Furthermore, it’s beneficial to batch data transfers by downloading as much data as possible quickly and then allowing the radio to return to idle. This approach maximizes throughput and battery life, as the mobile radio interface is optimized for this, offering significant performance and efficiency improvements for mobile applications.

Measuring the Impact of Our Optimizations

Before implementing the multi-region architecture, our users were experiencing a p90 latency of 600 ms to 700 ms, as highlighted by Figure 4 and 5, which resulted in a poor experience. This level of latency severely impacted the functionality of our autocomplete service. Waiting that long to autocomplete a term is counterproductive, as users might prefer typing the entire text themselves, even at the risk of making typos.

Afterward, the latency improved, but not as much as we had hoped. It decreased by 200 ms at p90, significantly better than before but still not as low as expected for a multi-region setup given the investment. Our goal was to achieve a latency of around 100 ms to be considered instantaneous.

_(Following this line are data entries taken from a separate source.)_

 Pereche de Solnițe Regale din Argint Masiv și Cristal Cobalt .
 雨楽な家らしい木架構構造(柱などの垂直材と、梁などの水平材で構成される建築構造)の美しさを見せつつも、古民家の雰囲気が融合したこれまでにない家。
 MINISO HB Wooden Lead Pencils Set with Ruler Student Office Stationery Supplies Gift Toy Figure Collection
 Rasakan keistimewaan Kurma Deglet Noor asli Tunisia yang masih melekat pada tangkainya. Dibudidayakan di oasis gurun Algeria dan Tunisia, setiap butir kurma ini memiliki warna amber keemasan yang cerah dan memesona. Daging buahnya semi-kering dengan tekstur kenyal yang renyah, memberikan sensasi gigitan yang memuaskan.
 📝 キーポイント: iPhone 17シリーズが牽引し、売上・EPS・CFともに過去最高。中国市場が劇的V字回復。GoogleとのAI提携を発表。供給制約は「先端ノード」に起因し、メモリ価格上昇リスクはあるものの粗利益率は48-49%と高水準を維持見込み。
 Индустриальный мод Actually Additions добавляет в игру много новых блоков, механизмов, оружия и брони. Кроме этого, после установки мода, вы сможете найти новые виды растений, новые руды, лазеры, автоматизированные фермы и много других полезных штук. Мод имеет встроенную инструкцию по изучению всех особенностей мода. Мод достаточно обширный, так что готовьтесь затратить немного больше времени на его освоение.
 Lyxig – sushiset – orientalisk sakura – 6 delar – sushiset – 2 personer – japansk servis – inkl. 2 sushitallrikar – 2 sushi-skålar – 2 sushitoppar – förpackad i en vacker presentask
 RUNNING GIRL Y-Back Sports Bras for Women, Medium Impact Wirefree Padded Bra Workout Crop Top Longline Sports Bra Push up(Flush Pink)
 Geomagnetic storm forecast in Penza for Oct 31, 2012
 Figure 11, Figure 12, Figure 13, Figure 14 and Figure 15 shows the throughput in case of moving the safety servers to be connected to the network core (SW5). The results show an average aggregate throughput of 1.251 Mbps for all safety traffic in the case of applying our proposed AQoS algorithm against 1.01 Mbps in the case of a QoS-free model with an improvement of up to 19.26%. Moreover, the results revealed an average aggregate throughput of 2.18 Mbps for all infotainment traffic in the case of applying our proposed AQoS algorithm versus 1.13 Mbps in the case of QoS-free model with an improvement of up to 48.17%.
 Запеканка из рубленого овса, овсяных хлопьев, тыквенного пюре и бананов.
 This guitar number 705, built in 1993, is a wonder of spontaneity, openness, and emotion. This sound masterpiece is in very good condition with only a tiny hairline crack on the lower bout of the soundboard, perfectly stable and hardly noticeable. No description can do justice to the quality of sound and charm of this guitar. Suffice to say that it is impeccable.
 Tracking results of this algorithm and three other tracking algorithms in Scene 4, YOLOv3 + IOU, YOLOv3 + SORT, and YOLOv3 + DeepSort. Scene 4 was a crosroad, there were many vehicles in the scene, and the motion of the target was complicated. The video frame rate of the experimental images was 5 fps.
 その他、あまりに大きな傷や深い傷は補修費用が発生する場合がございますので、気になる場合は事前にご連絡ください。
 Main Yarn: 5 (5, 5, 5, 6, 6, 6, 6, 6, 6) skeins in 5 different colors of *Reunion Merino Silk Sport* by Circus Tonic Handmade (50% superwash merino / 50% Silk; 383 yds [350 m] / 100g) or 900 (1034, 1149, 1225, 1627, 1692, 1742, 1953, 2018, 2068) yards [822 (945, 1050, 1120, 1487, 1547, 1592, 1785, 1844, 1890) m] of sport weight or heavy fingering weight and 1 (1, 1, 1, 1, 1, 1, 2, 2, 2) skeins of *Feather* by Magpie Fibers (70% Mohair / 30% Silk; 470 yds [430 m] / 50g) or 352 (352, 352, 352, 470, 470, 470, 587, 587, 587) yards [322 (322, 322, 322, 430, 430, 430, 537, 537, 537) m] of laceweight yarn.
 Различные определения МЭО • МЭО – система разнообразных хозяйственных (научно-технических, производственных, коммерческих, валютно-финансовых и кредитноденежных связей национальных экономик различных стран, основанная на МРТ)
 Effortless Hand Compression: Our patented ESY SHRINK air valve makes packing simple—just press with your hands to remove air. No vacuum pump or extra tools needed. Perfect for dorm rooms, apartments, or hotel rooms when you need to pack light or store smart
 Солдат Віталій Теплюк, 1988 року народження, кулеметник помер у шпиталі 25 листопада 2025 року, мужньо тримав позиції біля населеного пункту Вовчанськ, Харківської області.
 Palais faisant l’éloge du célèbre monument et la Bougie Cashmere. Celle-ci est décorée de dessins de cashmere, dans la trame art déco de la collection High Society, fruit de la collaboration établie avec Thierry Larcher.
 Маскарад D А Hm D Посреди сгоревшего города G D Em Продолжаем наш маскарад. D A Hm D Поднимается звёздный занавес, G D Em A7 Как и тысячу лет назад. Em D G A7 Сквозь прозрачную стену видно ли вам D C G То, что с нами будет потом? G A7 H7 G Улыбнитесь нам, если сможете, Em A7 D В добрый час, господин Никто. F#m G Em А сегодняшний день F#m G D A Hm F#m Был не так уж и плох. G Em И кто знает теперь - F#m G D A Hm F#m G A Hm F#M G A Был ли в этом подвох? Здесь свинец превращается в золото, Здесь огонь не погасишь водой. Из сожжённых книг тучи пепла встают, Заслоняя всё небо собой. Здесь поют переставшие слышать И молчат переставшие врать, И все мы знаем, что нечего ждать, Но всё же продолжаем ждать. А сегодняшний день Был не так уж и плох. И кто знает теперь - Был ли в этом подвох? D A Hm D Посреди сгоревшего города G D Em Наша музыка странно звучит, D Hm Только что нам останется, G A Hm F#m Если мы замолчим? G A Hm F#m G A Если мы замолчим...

We then decided to anticipate the latency overhead by implementing a pre-fetch endpoint, mentioned in the Optimizing section. After this change, the latency dropped to 123,3 ms at p90 on iOS and 134,6 ms at p90 on Android. The pre-fetch endpoint handles all the heavy lifting, with a p90 latency of 561 ms on Android and 471 ms on iOS. However, the user does not perceive it this time because the request is made preemptively, right on time.

Figure 4: Perceived latency breakdown before and after the multi-region architecture for iOS

Figure 5: Perceived latency breakdown before and after the multi-region architecture for Android

Another significant change resulting from the project was a noticeable shift in network usage patterns. Among iOS users, Wi-Fi usage dropped from 63,47% to 49,33%, suggesting that more users are now accessing the app through their mobile networks. This shift is further supported by an increase in LTE usage, which rose from 24,58% to 29,30%.

Android users saw similar benefits, with Wi-Fi usage decreasing from 67,08% to 51,18%. Meanwhile, LTE usage grew from 30,31% to 44,46%. These changes suggest that network optimization has enabled users to rely more on mobile networks than before, enhancing their overall experience.

Figure 6: Latency perceived by users before and after the multi-region project

Conclusion

In a Socratic fashion, “understanding the question is half the answer”. Every piece of software, despite following several common patterns, is unique. This uniqueness stems from various factors such as business requirements, technology constraints, and the team building it. The key is the evaluation and the systematic analysis of tradeoffs.

Optimizing a service through a multi-region approach might not be the best choice for many use cases or could be more complex and more challenging to implement in others. In our case, this architecture resulted in significant latency reductions that we initially expected, further research revealed that a simple technique—pre-fetching—could reduce perceived latency even further.

Future endeavors may include a deeper analysis using more robust metrics suited to systems of this kind, such as Minimum Keystroke Length (MKS) and Effort Saved (e-Saved). Both are user-assist metrics that measure how helpful the service is: e-Saved, for example, indicates the ratio of characters a user does not need to type to complete a query. Furthermore, improving observability by distinguishing metrics across regions could reveal different access patterns, potentially requiring region-specific optimizations.